The department has several hundred books on a range of topics, as well as a recommended reading list (in collaboration with the main School Library) for students who are keen to learn more about specific areas of Physics or who want to gain a wider overview of the subject. The library also subscribes to a number of scientific publications (New Scientist, Scientific American, Physics Review and Astronomy Now) which students can access online or from the library directly.
Design and Technology challenges pupils to combine their knowledge and skills to develop their creativity and problem-solving skills.
All boys are given the opportunity to tackle design problems of their own choice and to explore and develop effective and innovative solutions. And with the choice of architecture, environmental, furniture, product and transport design, to name just a few, the range of projects produced by boys is extremely wide ranging.
We encourage boys to develop their own individual thoughts and ideas about design. Central to the ethos of the department are Dieter Rams' 10 Principles of Good Design which are used to develop the critical thinking of each boys own work and that of others.
As well as preparing boys for university and future careers in design and engineering, we aim to:
- develop creativity and problem-solving abilities
- develop cognitive skills where thinking is directed to action
- facilitate the ability to look for and identify needs, wants and opportunities and respond to them by developing a range of ideas, making products and systems
- promote creative thinking to improve quality of life and facilitate becoming innovators
- build and apply a repertoire of knowledge, understanding and skills in order to design and make high-quality prototypes and products for a wide range of users
- develop hand-eye co-ordination in the precise use of tools and materials and to combine practical skills with an understanding of aesthetics, social and environmental issues, function and industrial practices
- promote discriminating and informed users of products
- facilitate their ability to critique, evaluate and test ideas and products of their own, as well as the work of others
- develop the creative, technical and practical expertise needed to perform everyday tasks confidently and to participate successfully in an increasingly technological world
- encourage reflection on and evaluation of present and past design technology, its uses and effects.
There are many enrichment opportunities available to boys who study Design and Technology, including the opportunity to showcase their design work in the School’s prestigious Design Technology exhibition, held every other year. They also regularly compete in national competitions, including The National Science & Engineering competition, which is the largest celebration of science, technology and engineering for people in the UK.
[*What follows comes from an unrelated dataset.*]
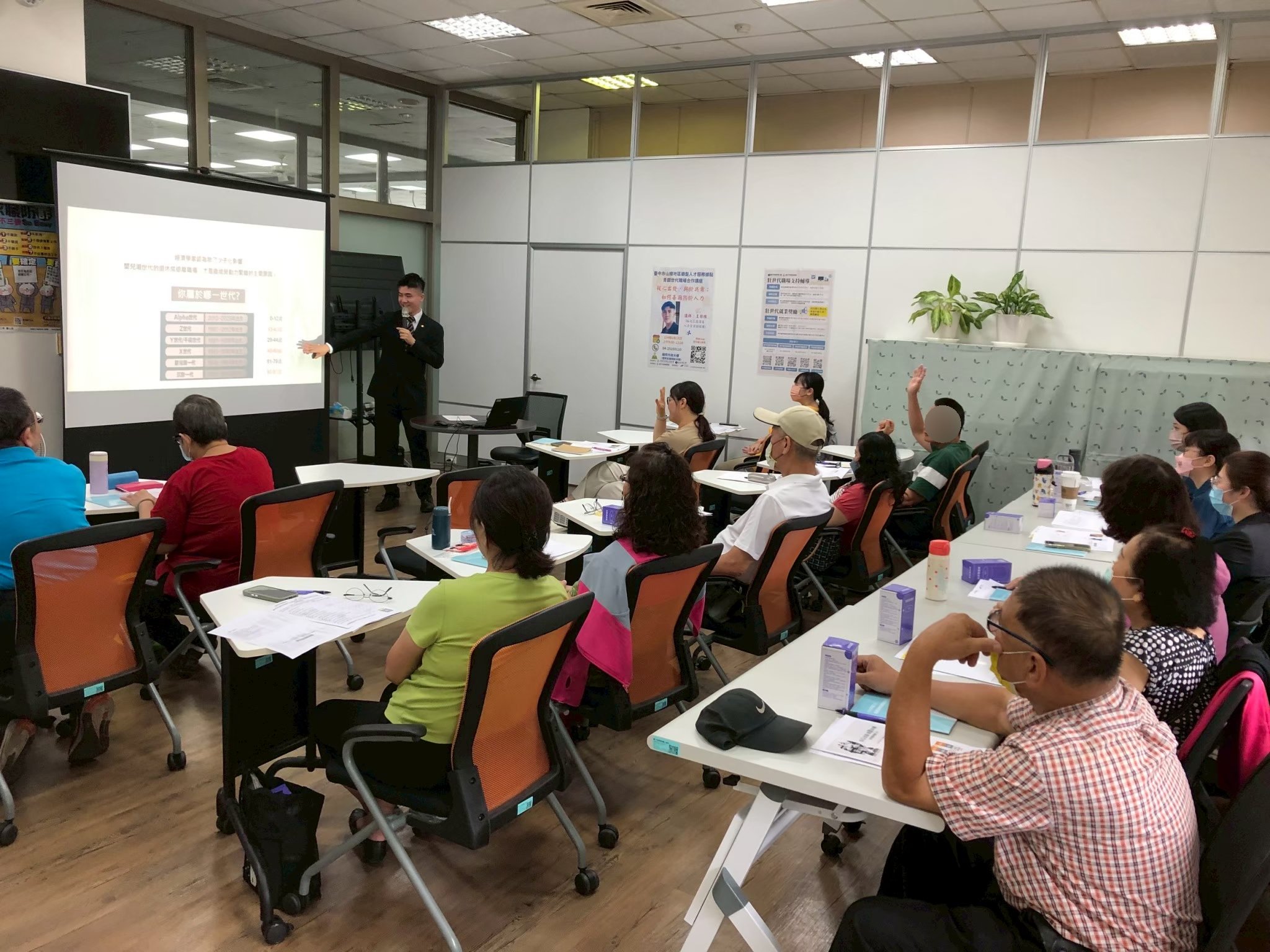 勞工局長林淑媛表示,市長盧秀燕積極推動高齡友善城市,鼓勵銀髮族持續參與社會,近日《天下雜誌》公布在今年首度舉辦「慢老城市調查」中,台中市更勇奪全國第一,展現高齡友善與世代共融的城市實力。銀髮據點為55歲以上或依法退休者提供專屬就業服務,除一般求職求才服務,還有徵才活動、職涯諮詢、就業促進及3C 科技應用課程等,更首創月月有徵才活動,透過每月定期定點方式,邀請至少2家以上的企業提供適合的工作職缺,用其尋找工作的步調與節奏,積極協助銀髮者再創職涯第二春。

Each term, boys have the opportunity to attend a range of lectures at the University of London and Institute of Education, as well as visit the 100% Design Show in London, The Design Museum and the Victorian & Albert Museum.
We encourage boys interested in a career in design to apply for an Arkwright Engineering Scholarship, one of the most prestigious scholarship schemes in the UK, only awarded to high-calibre students through a rigorous selection process. We also encourage boys to attend university residential courses, and support them in their preparation for university life and in identifying which particular courses they may wish to follow.